Gilead Sciences is relaxing its patent on Truvada, the brand name for their pre-exposure prophylaxis (PrEP) medication, allowing Teva Pharmaceuticals to release a generic version in 2020. The news appeared on page 35 of their quarterly report to the Securities and Exchange Commission, released on Wednesday.
“Pursuant to a settlement agreement relating to patents that protect Truvada and Atripla, Teva Pharmaceuticals will be able to launch generic fixed-dose combinations of emtricitabine and TDF and generic fixed-dose combinations of emtricitabine, TDF and efavirenz in the United States on September 30, 2020,” reads the filing.
PrEP, when taken daily, is 99% effective at preventing the transmission of HIV. It has also proven effective in treating HIV positive people when used in combination with other drugs.

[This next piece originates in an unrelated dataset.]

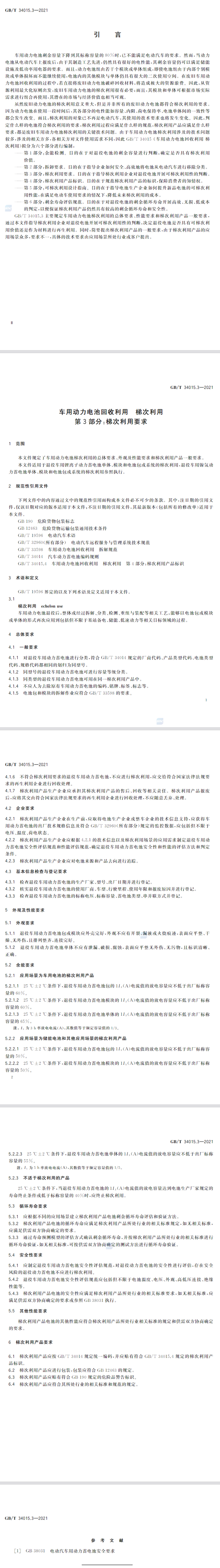 本文件是GB/T 34015“車(chē)用動(dòng)力電池回收利用、梯次利用”的第3部分。GB/T 34015已經(jīng)發(fā)布了以下部分: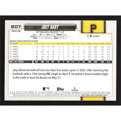 This is a 2026 Topps Sandglitter Joey Bart baseball card. The card is #207 and pictures show condition.

According to the centers for Disease Control and Prevention, the drug is taken by 35% of sexually active men who have sex with men, though usage lags amongst men of color.
The move to allow a generic version of PrEP onto the market comes one year earlier than expected from Gilead. The former CEO of Gilead, Douglas M. Brooks, had said in a 2017 earnings report that they would not be releasing its patent until 2021. The TEVA deal is an exception to the above, with Gilead claiming that the agreement with Teva was made back in 2014.
Gilead had fought to keep other generic versions off the market after the Food and Drug Administration approved the applications of four companies to market generic versions of the drug.
Aaron S. Lord, MD, a spokesperson for the PrEP4All Collaboration, hailed the earlier than expected release, calling it “a victory for the LGBTQ+ community, for HIV activists, and for U.S. taxpayers.”
In recent months, activist groups such as PrEP4All have been pushing for the patent on PrEP to be broken, citing the high cost of the drug as one of the reasons it has not been more widely adopted.
Lord, however, was nevertheless skeptical of the announcement, noting that limiting the generic market to one company will do little to lower the cost of the drug. Teva Pharmaceuticals will have exclusive rights to produce the medication for 15 months beginning in September, effectively locking up the generic market through 2021.
PrEP4All also questioned statements made by Gilead, as well as calling on the CDC to “use its significant leverage to ensure that generic Truvada is available at a price affordable to everyone in this country.”